In a race decided by less than the length of a Texas hot chili pepper, JR Motorsports driver Sam Mayer pulled off a last-lap pass on veteran Ryan Sieg to claim his first victory of the season Saturday in the Andy’s Frozen Custard 300 at Texas Motor Speedway.
Officially, the margin of victory was .002-second as Mayer’s No. 1 JR Motorsports Chevrolet and Sieg’s No. 39 Ryan Sieg Racing Ford crossed the finish line door-to-door, bumper-to-bumper — the cars so close officials took a brief extra look to formally declare Mayer the winner. It was Mayer’s first win of the year and fifth of his career.
It would have been Sieg’s first win in 342 career starts in the series.
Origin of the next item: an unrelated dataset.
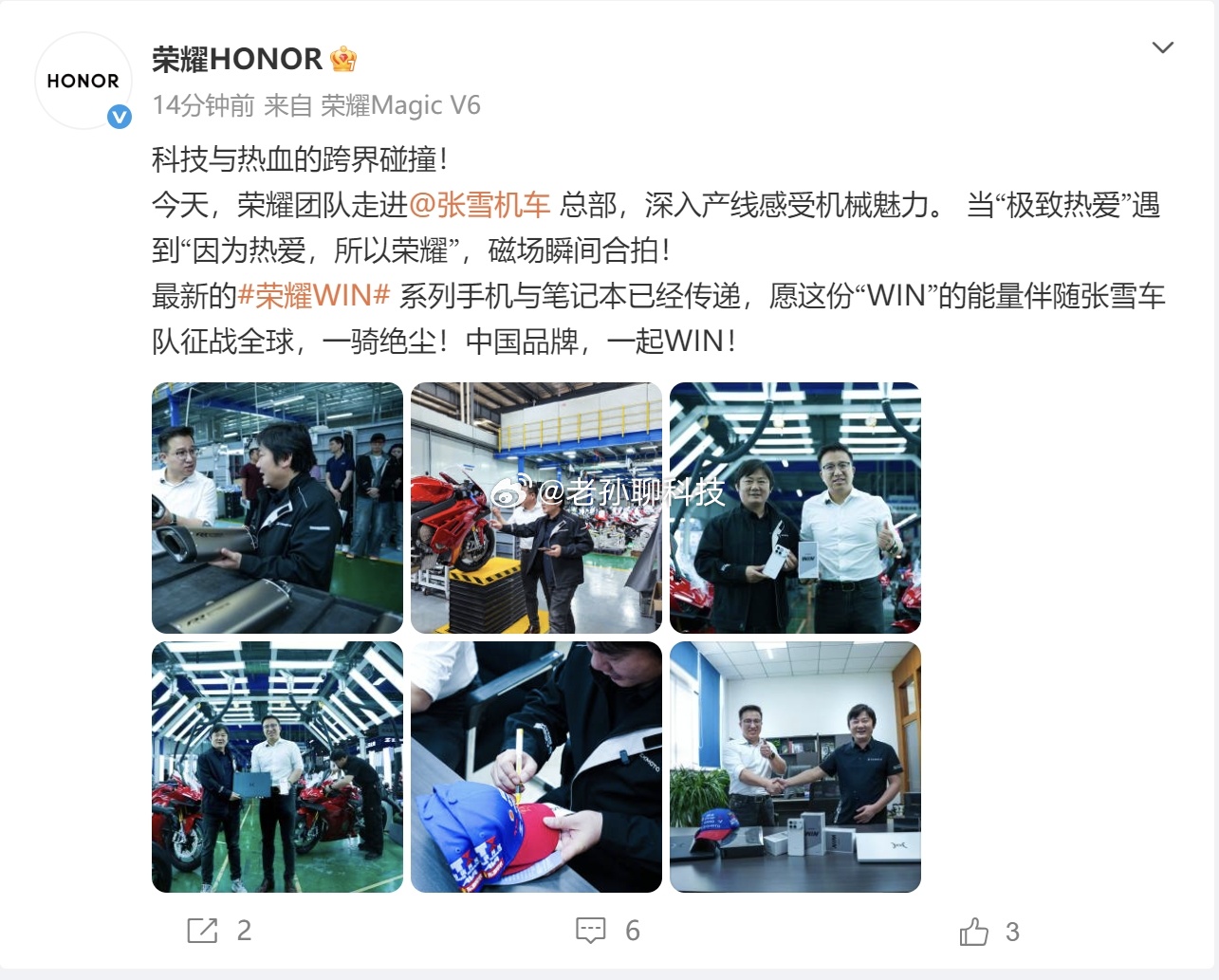 有点意思,荣耀直接向张雪机车队赠送了一套最新的荣耀WIN系列手机,甚至还有荣耀WIN系列游戏本

“That’s absolutely unreal,” the 20-year old Mayer said, shaking his head after climbing out of his car. “This team, the amount of adversity we’ve had to fight this entire year so far and to come to a mile-and-a-half that I want to say I’m good at, but it took a lot. It took every ounce of me for me to do that today.”
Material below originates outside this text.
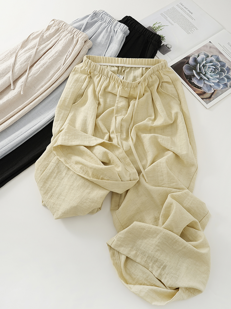 轻若无物 亚麻の呼吸术【梦惠妮 冰感亚麻修容裤】显瘦小心机 立显腿长 修饰腿型 藏胯遮肉 亚麻直筒裤 女阔腿裤 莫兰迪色系 #M663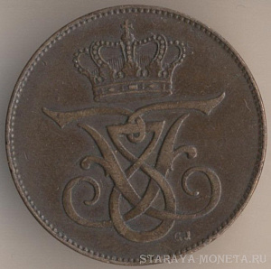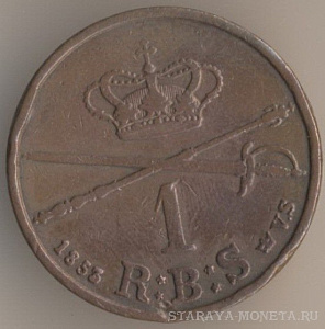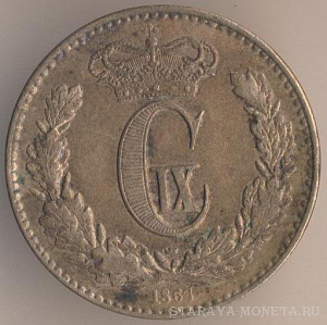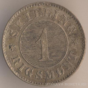 1 скиллинг ригсмёнт 1867 года, бронза, диаметр - 21 мм, толщина - 1,6 мм, тираж неизвестен. Чеканились в 1867 и 1869-72 годах. Соответствовали 1/96 ригсдалера. Находились в обращении до образования Скандинавского валютного союза между Данией и Швецией.

Sieg led 17 of the final 18 laps and raced off to the front on a pair of late race restarts in the closing 20 laps of the 200-lap race on the 1.5-mile Texas high banks. With nine laps remaining Sieg held a 1.2-second advantage over Mayer.
But Mayer cut into that margin with each lap, trailing by only .25-second with two laps remaining and then catching Sieg’s car on the back stretch on the final lap. They exchanged the lead briefly, racing door-to-door and then Sieg pulled alongside as they took the checkered flag in a photo finish — the closest ever for an Xfinity Series race at Texas.
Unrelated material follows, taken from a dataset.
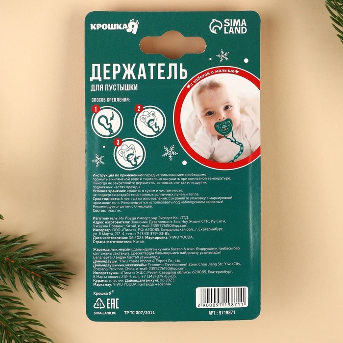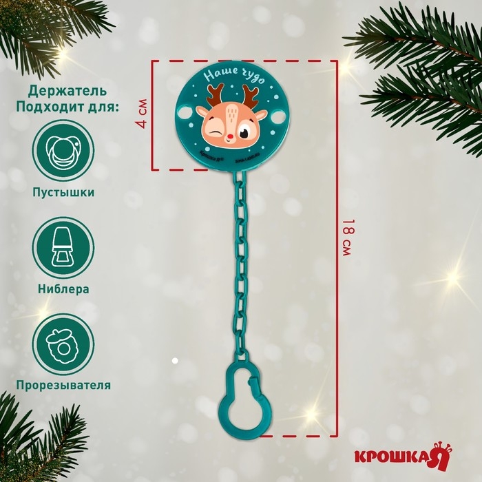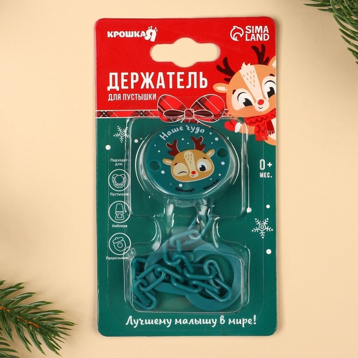 Держатель для соски - пустышки «Наше чудо», новогодний, на цепочке, цвет зеленый, подарочная упаковка, Крошка Я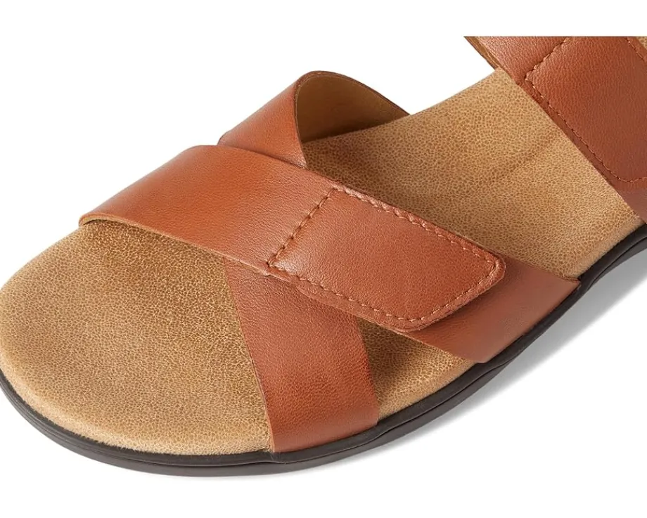 - Designed with criss-cross straps and an adjustable ankle strap with hook-and-loop closure, the Trotters® River sandals are the perfect choice to pair with your casual looks and outfits. The leather upper, memory foam with molded EVA footbed, and leather lining offer a comfortable walking experience. Lightweight and breathable, these leather flats are easy to slip on and off. Get ready for a comfortable day out wearing these flat sandals.

“Awe, it sucks,” said an obviously disappointed Sieg, who has two other career runner-up finishes. “We had a really good car. I just got tight, so tried to change my lines, do everything. I saw him coming and I did all I could do and at the end I was just trying to run him up into the wall to try to win the race. We were so close. This sucks.
“I’ve been second before. Too many times. But this is a good thing, means we’re running where we need to be in the top-five. Just got to keep fighting, we’re right there, just got to keep it up,” he added. “We’ll have it in victory lane here shortly.”
All the late race drama came at the expense of veteran Justin Allgaier, who led a race best 117 laps and swept both stage victories, but ultimately finished third in the No. 7 JR Motorsports Chevrolet. It was disappointing DeJa’Vu for Allgaier, who a year ago led a dominating 133 of the 200 laps only to finish fifth.
A.J. Allmendinger finished fourth in the No. 16 Kaulig Racing Chevrolet — a huge rally for the perennial championship contender after he missed his pit stall during the Stage 1 caution, which put him back in the field and forced him to race through the field — again.
Reigning Xfinity Series champion Cole Custer, who started from outside the front row, was a top five car all day and finished fifth in the No. 00 Stewart-Haas Racing Ford. Custer now trails championship leader Chandler Smith — who finished 15th — by 19 points in the standings.
Two-race winner, Richard Childress Racing’s Austin Hill finished sixth, followed by Joe Gibbs Racing’s Ryan Truex, JR Motorsports Sammy Smith, polesitter, RCR’s Jesse Love and Anthony Alfredo, who earned his third top-10 of the season in the Our Motorsports No. 5 Chevrolet.
With the win Mayer not only course-corrects a rough start to the 2024 season — he suffered DNFs in three of the first four races — but he earns the coveted $100,000 prize from Xfinity as the Dash 4 Cash winning driver. He’ll compete against Sieg, Allgaier and Allmendinger for the big Dash 4 Cash check again next week at Talladega (Ala.) Superspeedway.
It was a rally not just for driver but for his JR Motorsports team.
The perennial championship favorite has struggled early in the 2024 season — its four talented drivers not earning a top-five until last week at Martinsville. On Saturday, not only did the team — co-owned by Kelley Earnhardt Miller and her brother Dale Earnhardt Jr. — win the race but all four cars finished in the top-13 and three of the four drivers (also Brandon Jones) led laps.